А с Полькой мы девчонками ой как дружили, водой не разольёшь. Жизнь развела-разделила… А ты на Польку-то похожа, и лицом, и характером. И улыбка Полькина у тебя. В нашу, значица, родню пошла, не то что моя Женька.
Подарок
Рита зарделась от бабы Тониных слов, от того, что похожа на свою бабушку, от того, что Тоня её любит. Ей стало необыкновенно хорошо. Сидеть бы так долго–долго – в обнимку с бабушкой Тоней на старом диване! Что там сочиняла глупая Женька про то, как мать забирала у неё силы. У Риты всё наоборот, посидела с бабушкой – и будто бы силы прибавилось! Рита радостно ощущала в себе эту молодую, упругую, звенящую как тугой мяч, переполняющую её – силу. Могучую и обманчиво спокойную. Сила была послушна, подчинялась своей хозяйке, окрыляла неведомым, не испытанным ещё восторгом и радостью обладания.

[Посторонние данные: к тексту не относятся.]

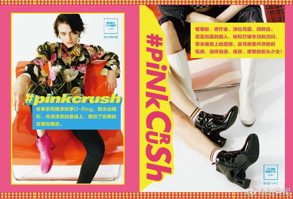 2017年夏天,达芙妮和纽约市SoHo区的潮流买手店Opening Ceremony出人意料地进行了联名合作。当时的达芙妮正面临连续第三年的亏损,市值大幅度缩水,累计关店近3000家。达芙妮为Opening Ceremony搭建了专门的供应链,生产透明鞋跟和大红弹力布的靴子;用雀斑厌世脸的欧美模特拍摄拍摄产品广告——过去这个品牌的形象代言人是刘若英或者台湾女子乐团S.H.E——它还在上海淮海路的连卡佛前搭建了一座粉红潜水艇造型的快闪店。
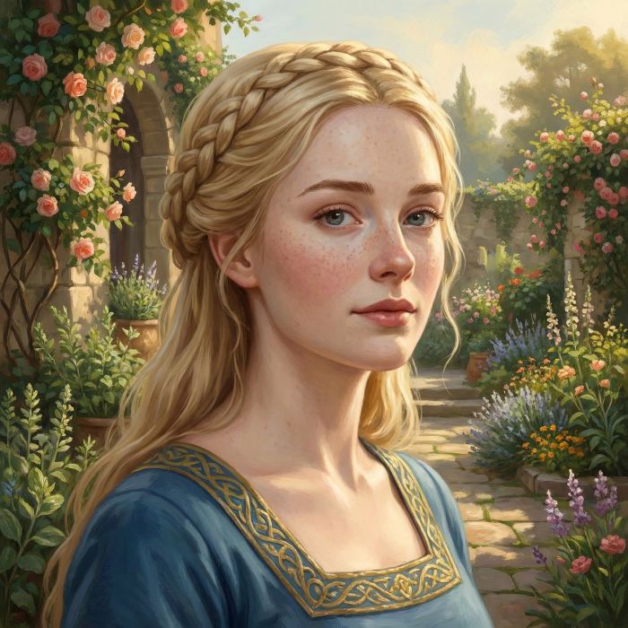 Dass sie keine Kriegerin ist, sieht man der Adelsdame auf den ersten Blick an. Nicht, weil sie mit ihren knapp 170 Halbfingern alles andere als groß ist, denn das sagt rein gar nichts über die Kampfeskraft aus, wie ein jeder Zwerg gern bezeugen wird. Vielmehr ist die Dûrrnwangin noch dazu sehr schmal --- um nicht zu sagen: zart --- gebaut. Die Hände haben niemals schwere Arbeit verrichten müssen und Arme und Beine sind nicht gestählt, wie sie es sein müssten, wenn die mit den kämpfenden Weidener Maiden mithalten wollte.
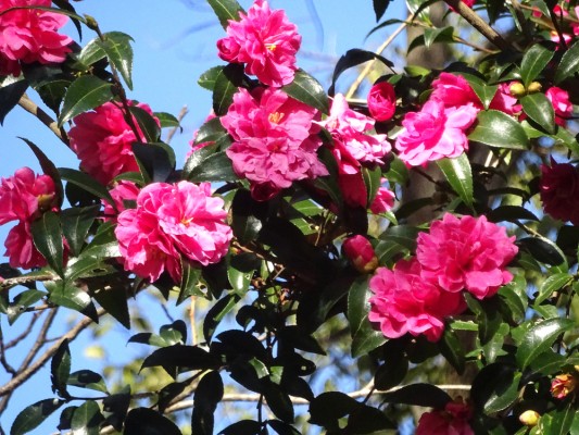 西側の水路の東屋の近くにサザンカがあり、赤い花が咲き誇っていました。
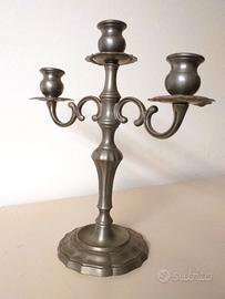 Candelabro vintage (anni '80-'90) in peltro a tre fiamme, finitura satinata. Conservato perfettamente, può presentare qualche piccola imperfezione. Dimensioni cm.31X38. Peso gr. 1.100.
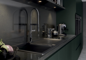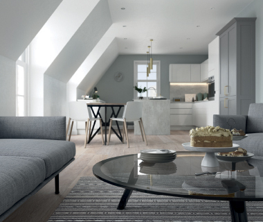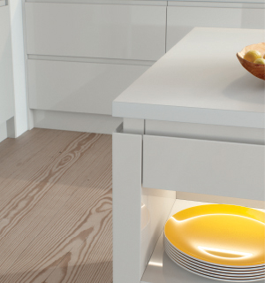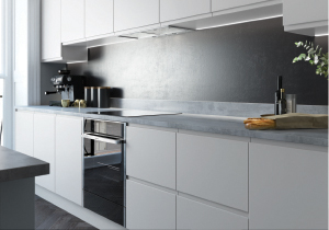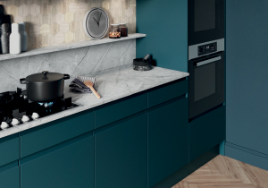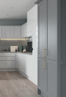 Custom designed to fit an unusual space, this U-shaped kitchen brings together a fusion of styles, colours and finishes. A fine example of apartment style living. The calming colour scheme based on Solaris’ Gloss White door is enlivened by a splash of texture and colour with the inclusion of the Aspen-larder in Dust Grey.

Рита засмеялась – так ей стало хорошо, так сладко было чувствовать в себе это – новое, неведомое, принадлежащее ей одной, подвластное ей одной.
– Ба, а Женька говорила, что ты колдунья – брякнула Рита и испугалась: вот сейчас Антонида на неё обидится, и ощущение неведомой силы исчезнет, как не было. Но сила не исчезла. А бабушка Тоня не обиделась.
– Како тако колдовство? Болтают люди. Языки у их без костей, вот и мелют…
– Так ведь вся деревня «мелет» – осмелев, сказала Рита.
– А ты не верь. Знаешь ведь, сказки это. А людям рты не заткнешь. Пусть себе говорят, глядишь, и договорятся до чего… Доболтаются оне, помяни моё слово.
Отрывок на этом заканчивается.